Problem requirements >> Please transcribe only the lines that run from the line bearing "Trecerea dintre incaperi" to the end of the entries, keeping both end lines. Skip the pictures.

[Saved data entries]
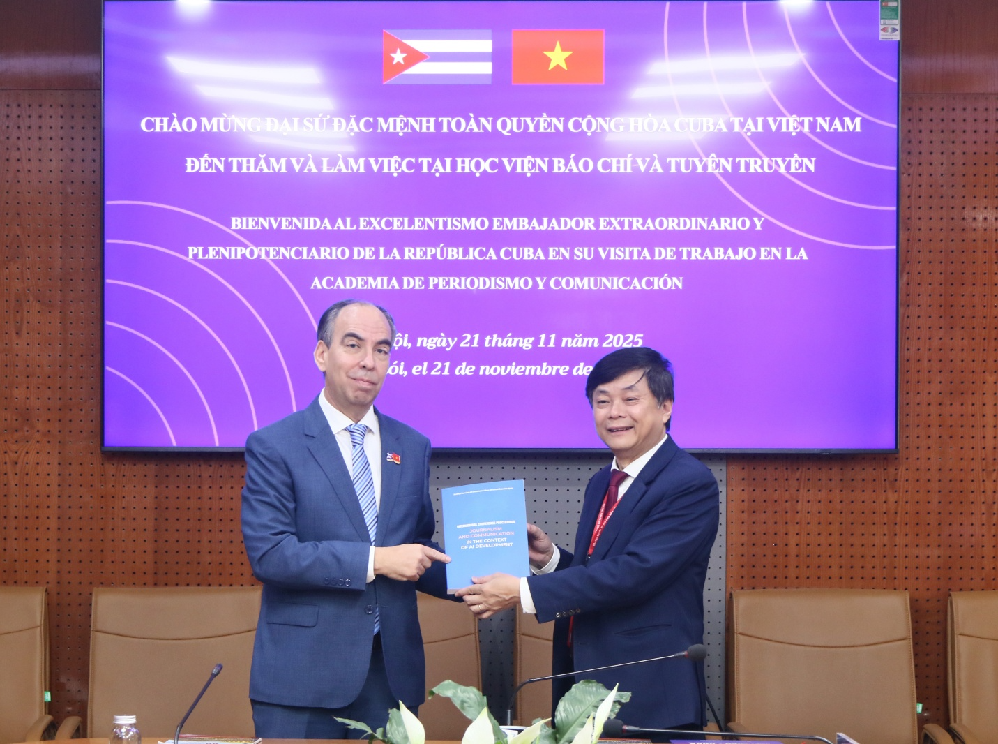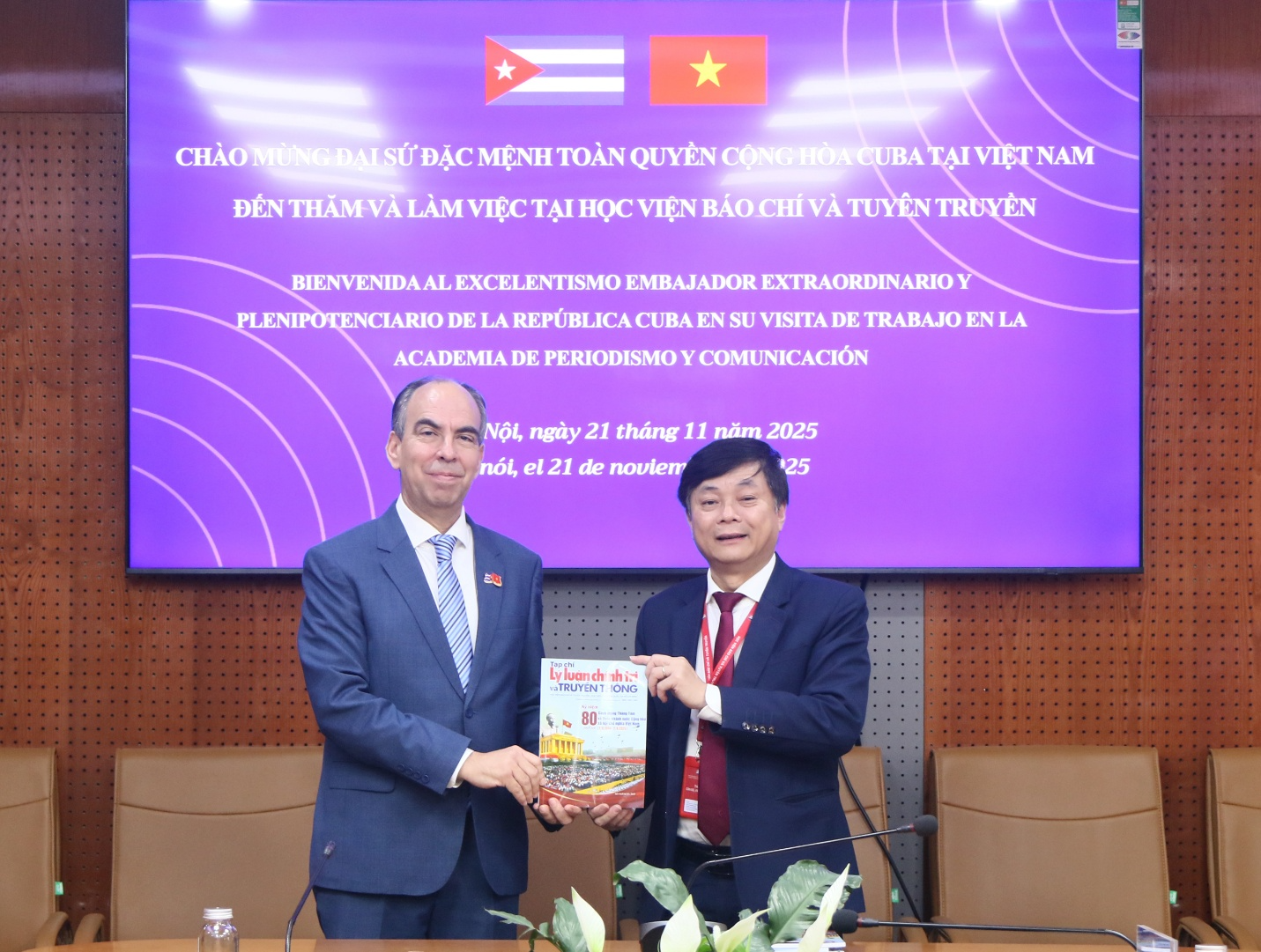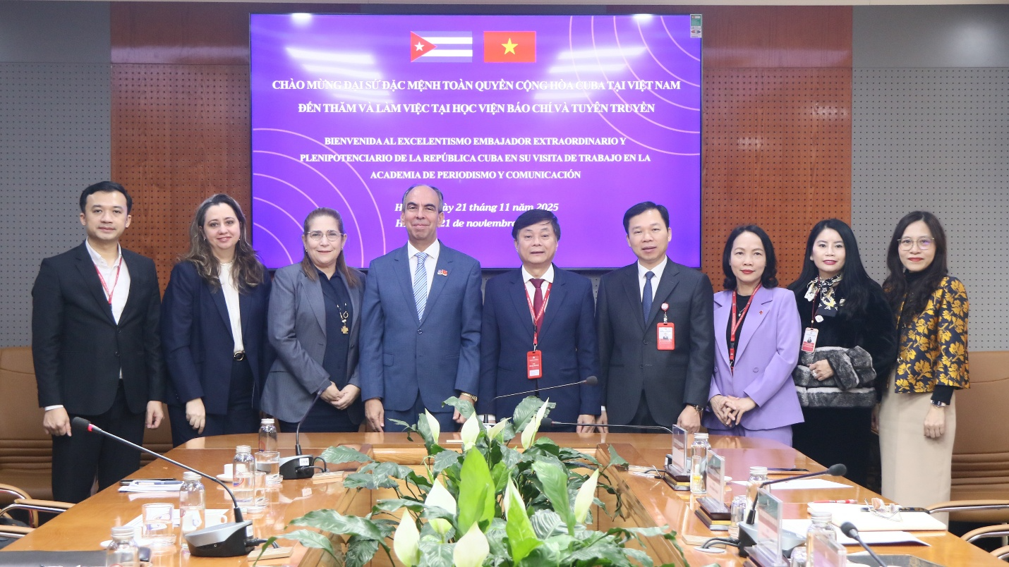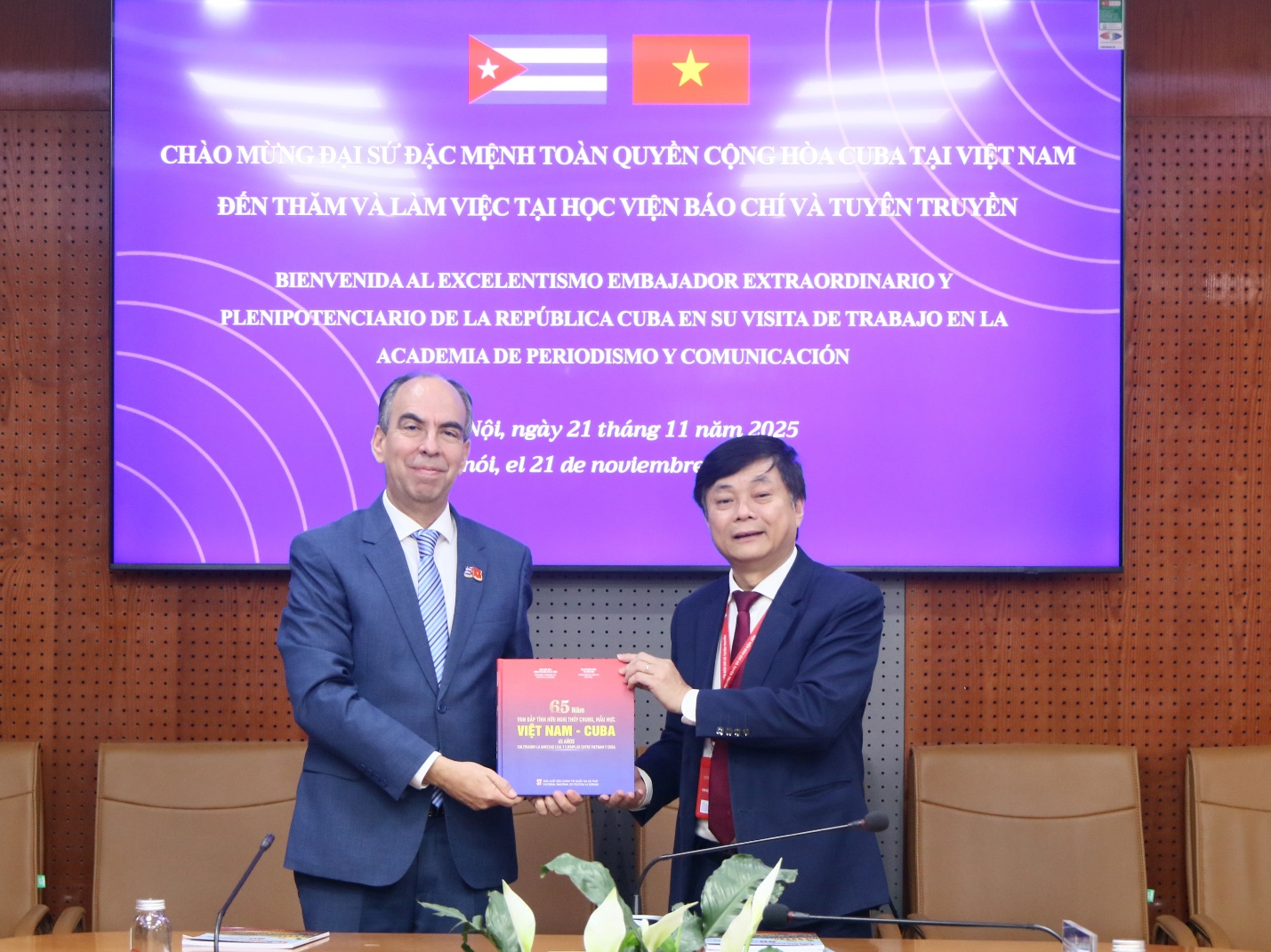 Nhằm mở rộng hoạt động hợp tác với các đối tác thuộc khu vực Mỹ Latinh, sáng 21/11/2025, Học viện Báo chí và Tuyên truyền tiếp và làm việc với Đại sứ đặc mệnh toàn quyền Cộng hòa Cuba tại Việt Nam, ngài Rogelio Polanco Fuentes.
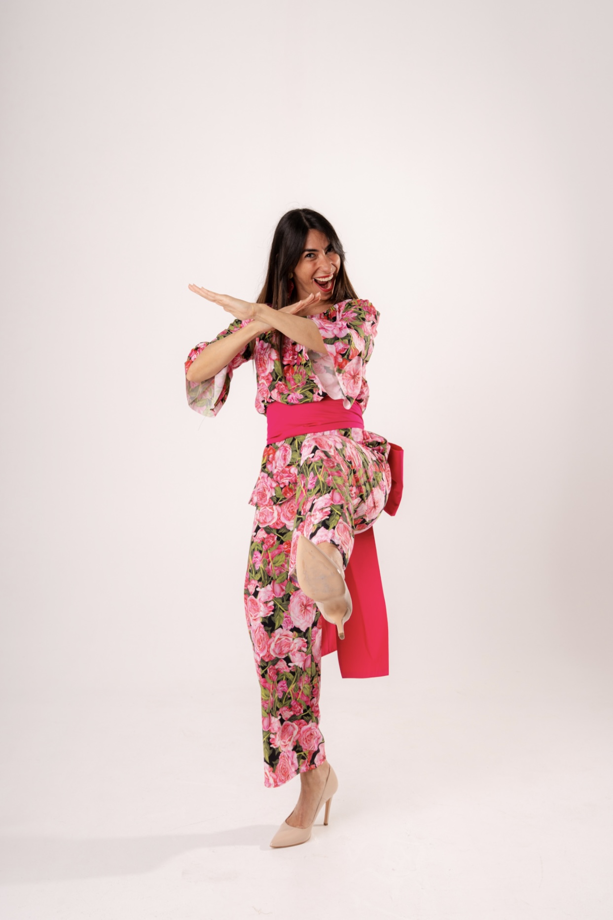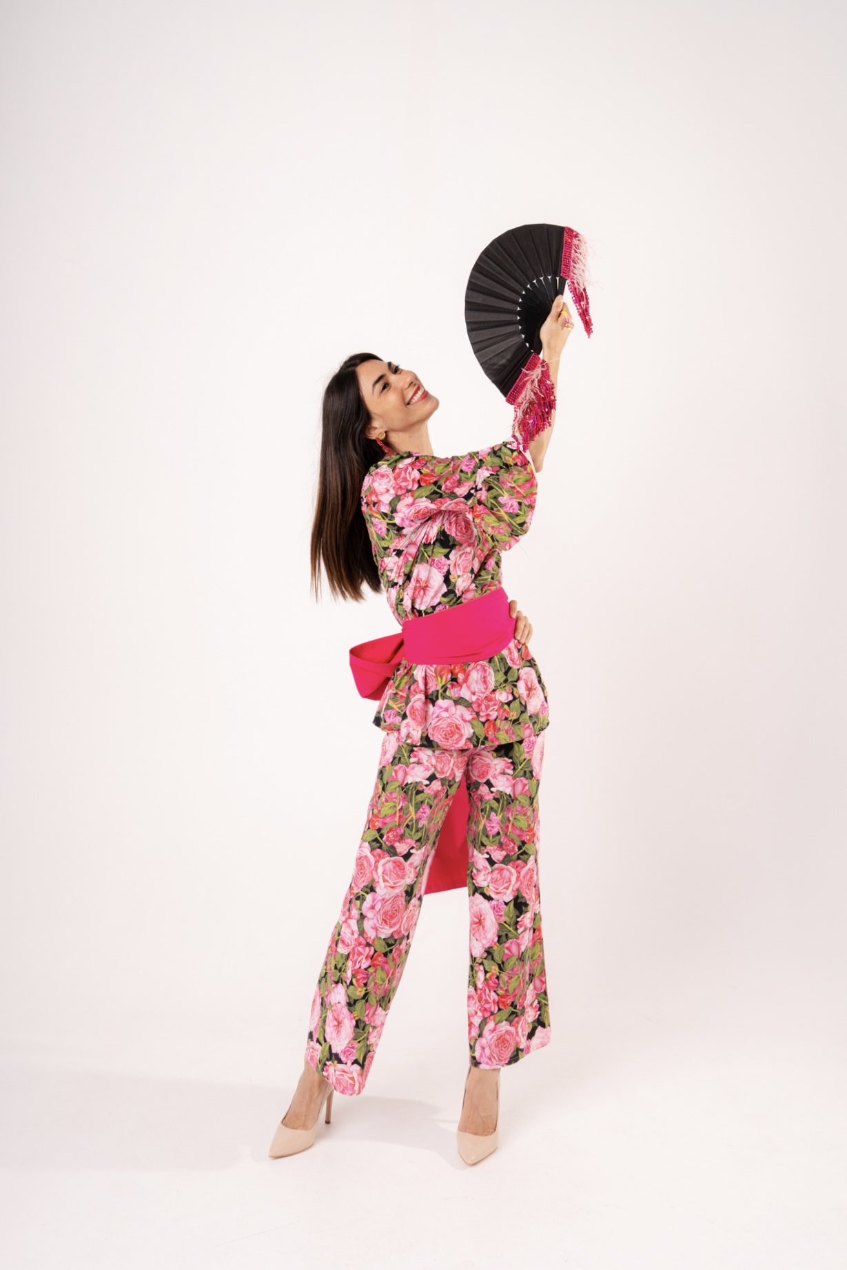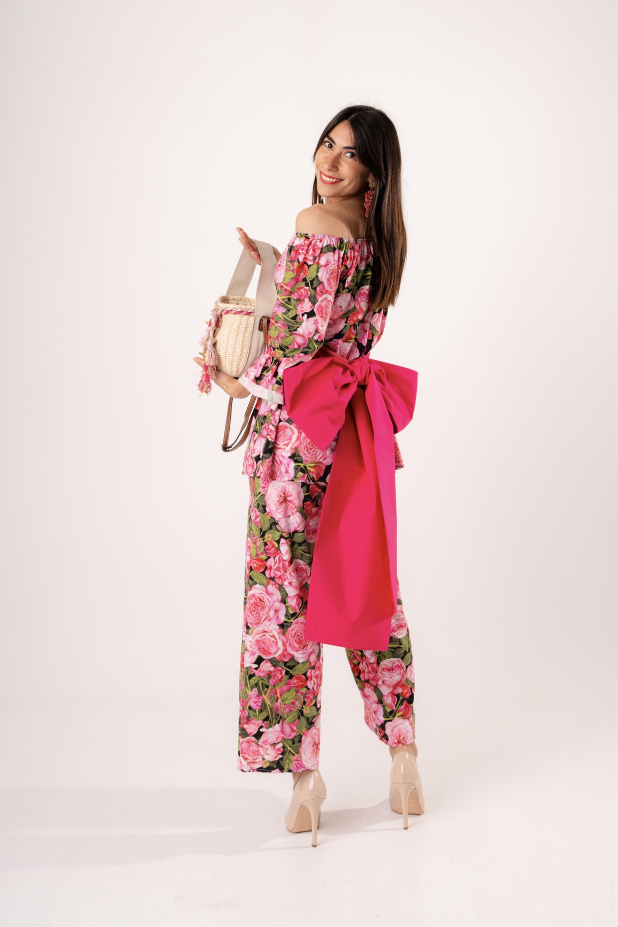 Completo Pantalone e Casacca Floreale con Fusciacca a Fiocco Fucsia
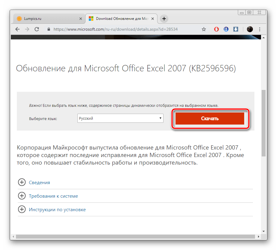 Компания Microsoft на своем официальном сайте выкладывает файлы загрузок, чтобы при необходимости пользователь мог скачать их и установить вручную. За время поддержки работы Excel 2007 было выпущено одно крупное обновление, исправляющее некоторые ошибки и оптимизирующее программу. Поставить его на ПК можно следующим образом:
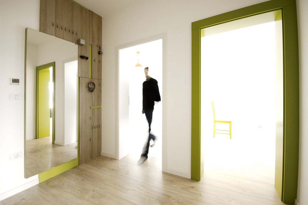 Trecerea dintre incaperi este marcata printr-un accent de culoare, asa cum este cea verde spre living. De asemenea, culoarea rosie este folosita in bucatarie pentru a marca principalele zone.
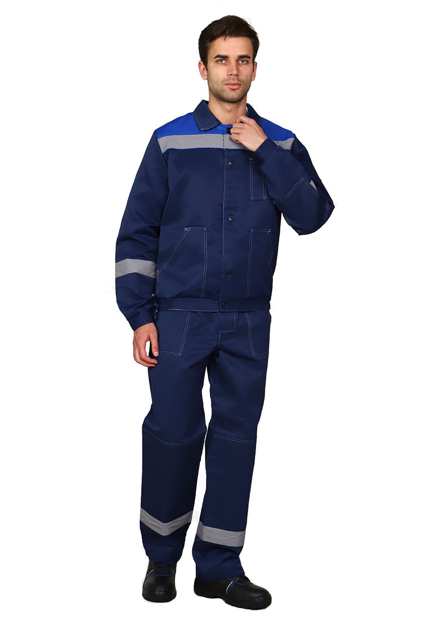 ➠ Куртка укороченная, с притачным поясом. Центральная бортовая застежка на петли и пуговицы. Воротник отложной. Один нагрудный накладной карман с отделением для ручки. Два нижних накладных кармана с наклонным входом. Рукава с манжетами, застегивающимися на пуговицу, с налокотниками. Притачной пояс с участками эластичной тесьмы по бокам. По шву притачивания кокетки и по рукавам СОП 50 мм.
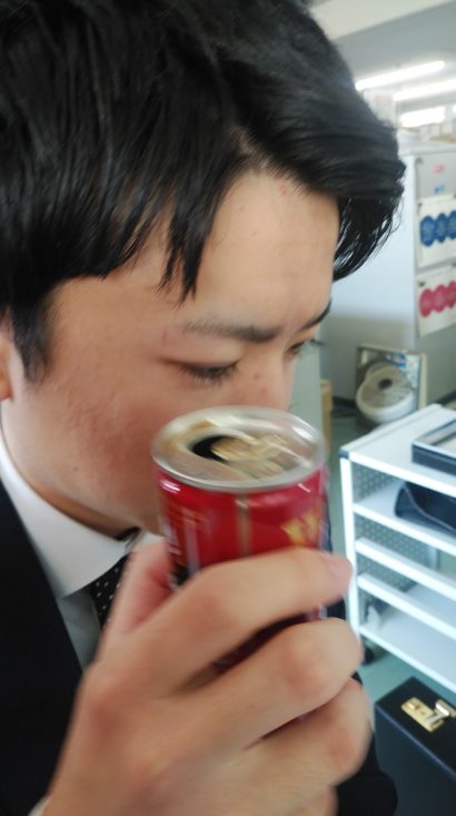 缶コーヒーで顔を隠す・・・斬新すぎる。
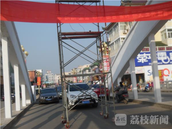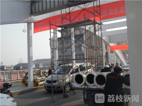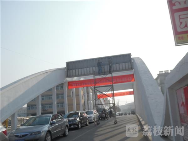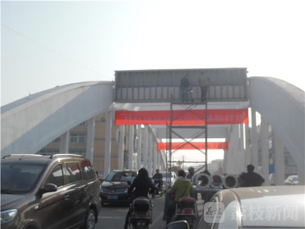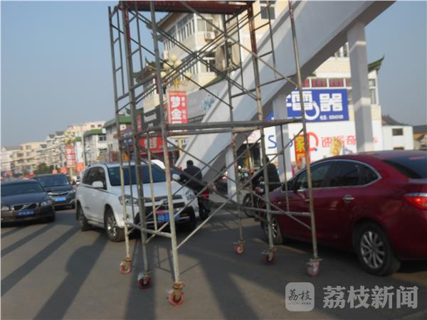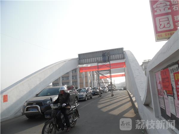 12月8日下午经过兴化安丰振安桥的时候发现,两名工人正在修理拱桥上的LED大屏,可是他们的脚手架放在桥的中间部分,两边连警示标志都没有。由于脚手架占据了1/3的路面,车辆行驶非常缓慢,而且由于没有警示标志,后方来车一不小心就会撞在脚手架上,存在着很大的安全隐患。我们希望当地城管部门能够加强维修安全管理。确保维修安全,交通畅行。
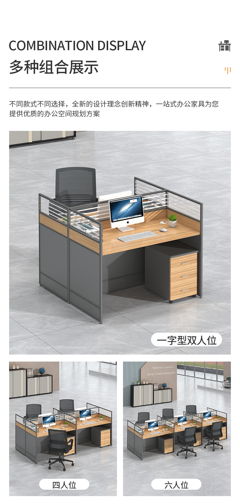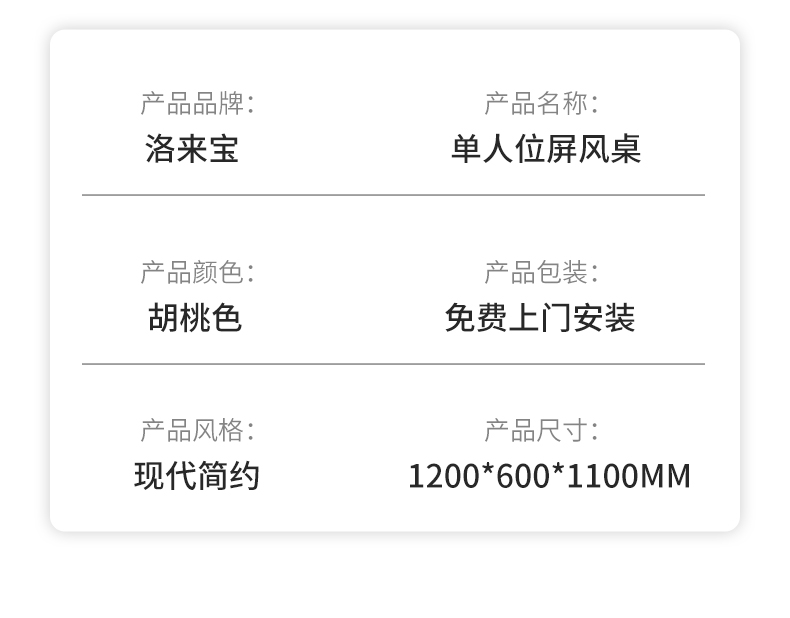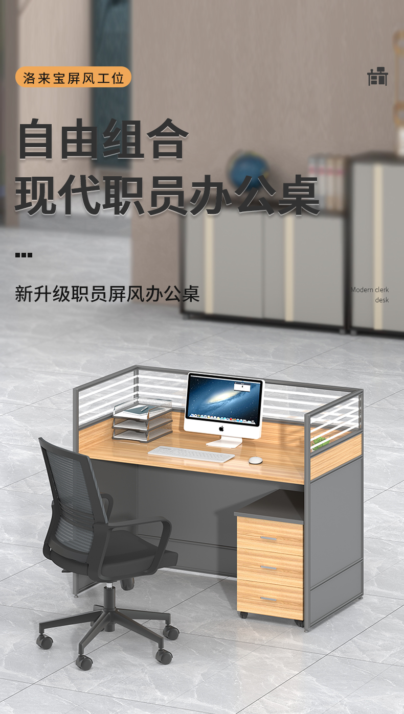 洛来宝办公桌椅组合职员工作位员工电脑桌屏风办公桌单人位(含柜椅)单位:张 胡桃色
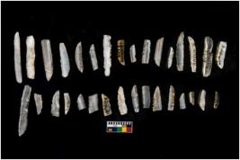 | Description / विवरण | THERE ARE TOTAL N-32 BLADES IN THE ASSAMBLANG . ALL OF THEM ARE MADE OF CHALCEDONY WHICH HAS RETOUCHED PENKNIFE BLUNTED BACK USED AND UNUSED REJUVANATING PARRAALE SIDED FLAKE BLADES . |
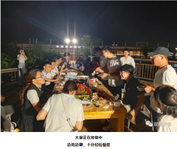 此次活動(dòng)的晚餐安排在“雙童”空中生態(tài)園,隨著(zhù)夜幕降臨,濃濃夜色給就餐氛圍添加了一絲浪漫,伴隨著(zhù)夜幕下的美景,大家邊吃邊聊,相處甚是融洽!
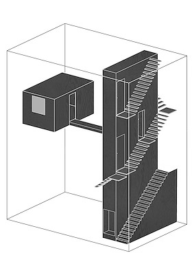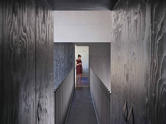 Een meubel op de begane grond bepaalt de ruimte van de B&B. Over de volledige hoogte van de woning strekt het meubel van “een spelonk als trappartij”, leggen de architecten uit. Op de eerste verdieping hangt in de leefruimte met dubbele hoogte een meubel aan het casco; het is bereikbaar via een loopbrug die de ruimte doorkruist. Op de bovenste verdieping bepaalt een slaapmeubel de indeling van de ruimte.
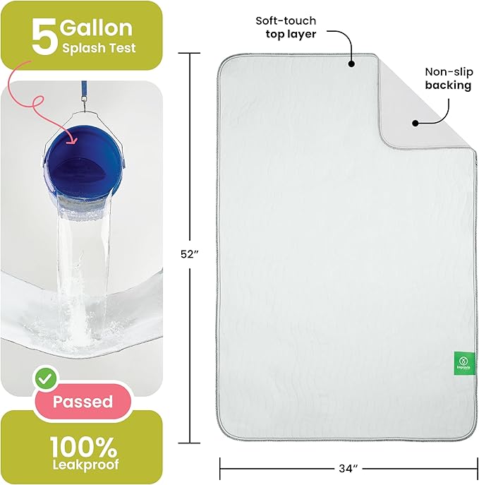 IMPROVIA® Washable Underpads, Heavy Absorbency Reusable Incontinence Pads for Kids, Adults, Elderly, and Pets - Waterproof Protection Floor White & White (2 Pack - 34x52)
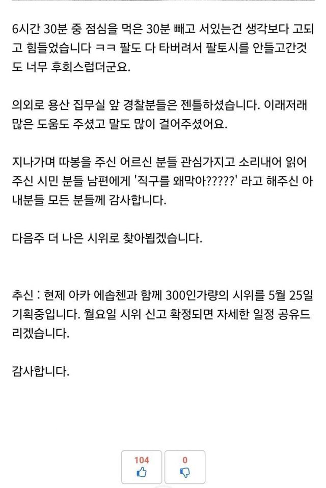 시위하기전까지 너무답답하고 무력했었는데 그래도 내가 할 수있는 범위에서 할 일해서 만족스럽고 잠도 제대로 못잔 어제 그저께와 달리 맘편히 할일하고 잘 수 있을것 같다.

Your response >>
 Trecerea dintre incaperi este marcata printr-un accent de culoare, asa cum este cea verde spre living. De asemenea, culoarea rosie este folosita in bucatarie pentru a marca principalele zone.
 ➠ Куртка укороченная, с притачным поясом. Центральная бортовая застежка на петли и пуговицы. Воротник отложной. Один нагрудный накладной карман с отделением для ручки. Два нижних накладных кармана с наклонным входом. Рукава с манжетами, застегивающимися на пуговицу, с налокотниками. Притачной пояс с участками эластичной тесьмы по бокам. По шву притачивания кокетки и по рукавам СОП 50 мм.
 缶コーヒーで顔を隠す・・・斬新すぎる。
 12月8日下午经过兴化安丰振安桥的时候发现,两名工人正在修理拱桥上的LED大屏,可是他们的脚手架放在桥的中间部分,两边连警示标志都没有。由于脚手架占据了1/3的路面,车辆行驶非常缓慢,而且由于没有警示标志,后方来车一不小心就会撞在脚手架上,存在着很大的安全隐患。我们希望当地城管部门能够加强维修安全管理。确保维修安全,交通畅行。
 洛来宝办公桌椅组合职员工作位员工电脑桌屏风办公桌单人位(含柜椅)单位:张 胡桃色
 | Description / विवरण | THERE ARE TOTAL N-32 BLADES IN THE ASSAMBLANG . ALL OF THEM ARE MADE OF CHALCEDONY WHICH HAS RETOUCHED PENKNIFE BLUNTED BACK USED AND UNUSED REJUVANATING PARRAALE SIDED FLAKE BLADES . |
 此次活動(dòng)的晚餐安排在“雙童”空中生態(tài)園,隨著(zhù)夜幕降臨,濃濃夜色給就餐氛圍添加了一絲浪漫,伴隨著(zhù)夜幕下的美景,大家邊吃邊聊,相處甚是融洽!
 Een meubel op de begane grond bepaalt de ruimte van de B&B. Over de volledige hoogte van de woning strekt het meubel van “een spelonk als trappartij”, leggen de architecten uit. Op de eerste verdieping hangt in de leefruimte met dubbele hoogte een meubel aan het casco; het is bereikbaar via een loopbrug die de ruimte doorkruist. Op de bovenste verdieping bepaalt een slaapmeubel de indeling van de ruimte.
 IMPROVIA® Washable Underpads, Heavy Absorbency Reusable Incontinence Pads for Kids, Adults, Elderly, and Pets - Waterproof Protection Floor White & White (2 Pack - 34x52)
 시위하기전까지 너무답답하고 무력했었는데 그래도 내가 할 수있는 범위에서 할 일해서 만족스럽고 잠도 제대로 못잔 어제 그저께와 달리 맘편히 할일하고 잘 수 있을것 같다.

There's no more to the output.